If a cylinder has rolled down a vertical height drop $h$ the kinetic energy will be

$$Mgh=\frac{MV^2}{2}+\frac{I_{zz}\omega^2}{2}$$

where $V$ is the speed of the center of mass and $\omega$ is the angular velocity. The rolling constraint implies that $V=a\omega$. For the solid cylinder we find

$$Mgh=\frac{Ma^2\omega_{solid}^2}{2}+\frac{Ma^2\omega_{solid}^2}{4}$$

or

$$\omega^2_{solid}=\frac{4gh}{3a^2}$$

while we find for the shell

$$Mgh=\frac{Ma^2\omega_{shell}^2}{2}+\frac{Ma^2\omega_{shell}^2}{2}$$

or

$$\omega^2_{shell}=\frac{gh}{a^2}$$

i.e. the solid cylinder rolls faster!

EXAMPLE
The physical pendulum A rigid body that swings under the influence of gravity about a fixed horizontal axis is called a physical pendulum. We label that axis the $x-$axis. The constraint that the axis is fixed means that

$$\vec{\omega}=(\omega_x,0,0)$$

The kinetic energy is then

$$T=\frac{I_{xx}\omega_{x}^2}{2}$$

The radius of gyration is defined as

$$k=\sqrt{\frac{I_{xx}}{M}}$$

where $M$ is the mass of the pendulum. We let $\l$ be the perpendicular distance between the center of mass and the axis of rotation, and $\theta$ the angle whose angular velocity is $\omega_x$ with $\theta=0$ corresponding to the case where the center of mass is directly below the axis of rotation.

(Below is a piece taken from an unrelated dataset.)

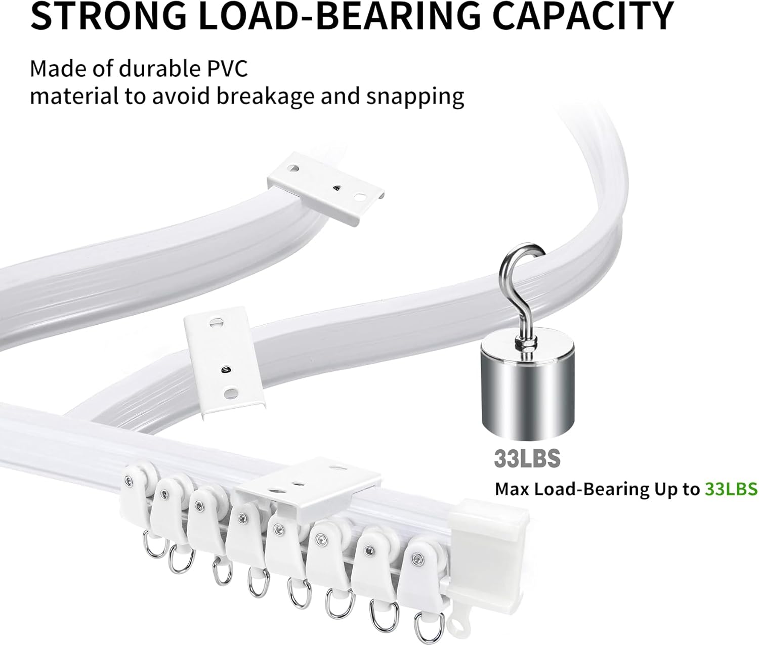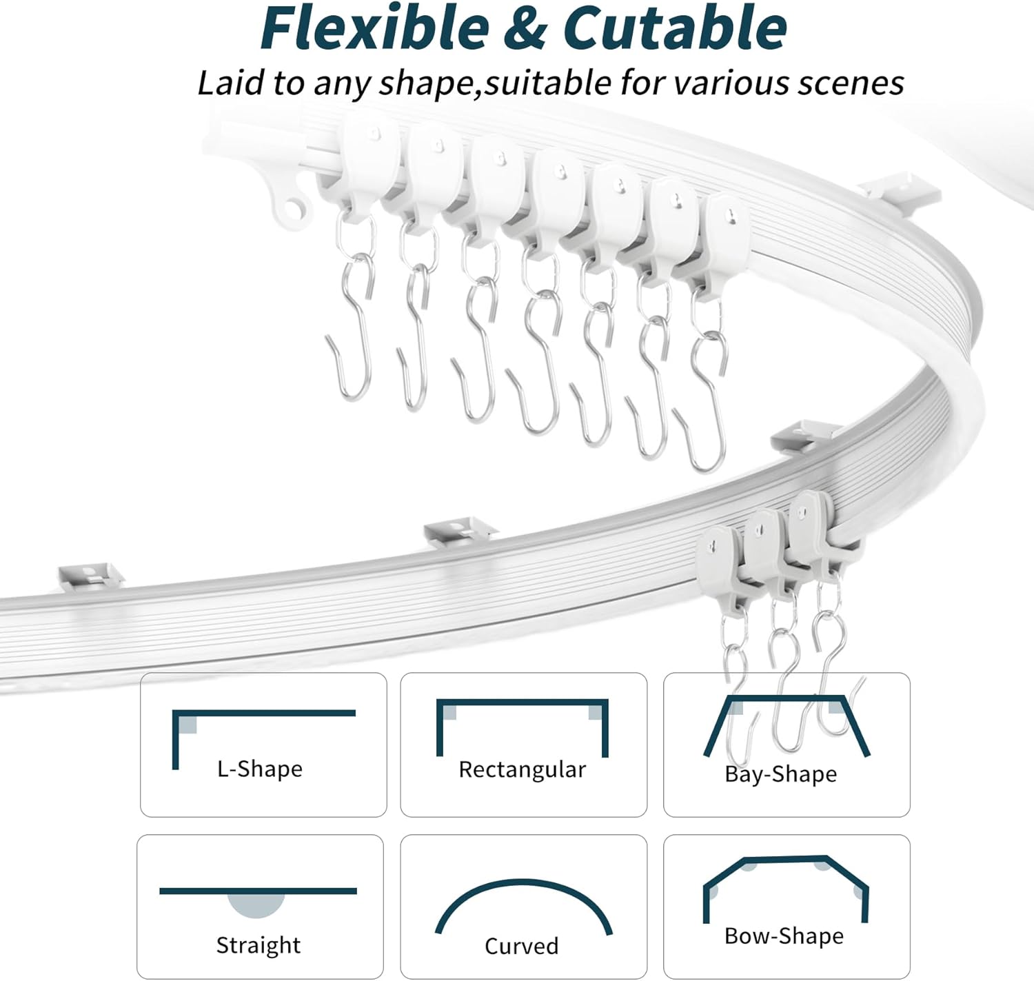Flexible Bendable Ceiling Curtain Track, 9.8ft (3m) Curved, PVC, Metal, Plastic & Stainless Steel, White, Ceiling Mounted

The Lagrangian of the pendulum is then

$${\cal L}=\frac{Mk^2\dot{\theta}^2}{2}+Mgl\cos\theta$$

with equation of motion

$$\frac{d}{dt}(\frac{\partial \cal L}{\partial \dot{\theta}})-\... ...al \cal L}{\partial \theta} =M(k^2\ddot{\theta}+g\l\sin\theta)$$

We conclude that the behavior of the physical pendulum is the same as that of a mathematical pendulum ( pendulum with a point mass $M$)with effective length

$$l_{eff}=\frac{k^2}{\l }$$

FINDING THE PRINCIPAL AXES
In general the moment of inertia tensor is non-diagonal, but since it is a real symmetric matrix it can always be diagonalized with real and orthogonal eigenvalues. If $\hat{e}_i$ is an eigenvector of $I$ with eigenvalue $I_i$

$$I\hat{e}_i=I_i\hat{e}_i,\; i=1,2,3$$

we refer to $\hat{e}_i$ as a principal axis of $I$, and $I_i$ as a principal moment. The Cartesian coordinate system with axes $\hat{e}_i$ is the principal axes frame. The orthogonal rotation matrix $R$ which diagonalizes the matrix $I$

$$RIR^{-1}=\left(\begin{array}{ccc} I_1&0&0\\ 0&I_2&0\\ 0&0&I_3\\ \end{array}\right)$$

is

$$R=\left(\begin{array}{ccc} e_{1x}&e_{1y}&e_{1z}\\ e_{2x}&e_{2y}&e_{2z}\\ e_{3x}&e_{3y}&e_{3z}\\ \end{array}\right)$$

Some general results:

• If all three principal moments are equal (as e.g. for the moments of inertia about the center of a sphere) the moment of inertia matrix is proportional to the unit matrix, and any Cartesian frame is a principal axis frame.
• If two principal moments are equal but different from the third we talk about a symmetric top. If e.g. $I_1=I_2\neq I_3$ we can choose the axes perpendicular to $e_3$ arbitrarily.
• If all three principal moments are different we talk about an asymmetric top.
• The principal moments satisfies the triangle inequality that the sum of two principal moments is always larger than or or equal to the third. If $I_1+I_2=I_3$ the body is a plane sheet with normal along $\hat{e}_3$.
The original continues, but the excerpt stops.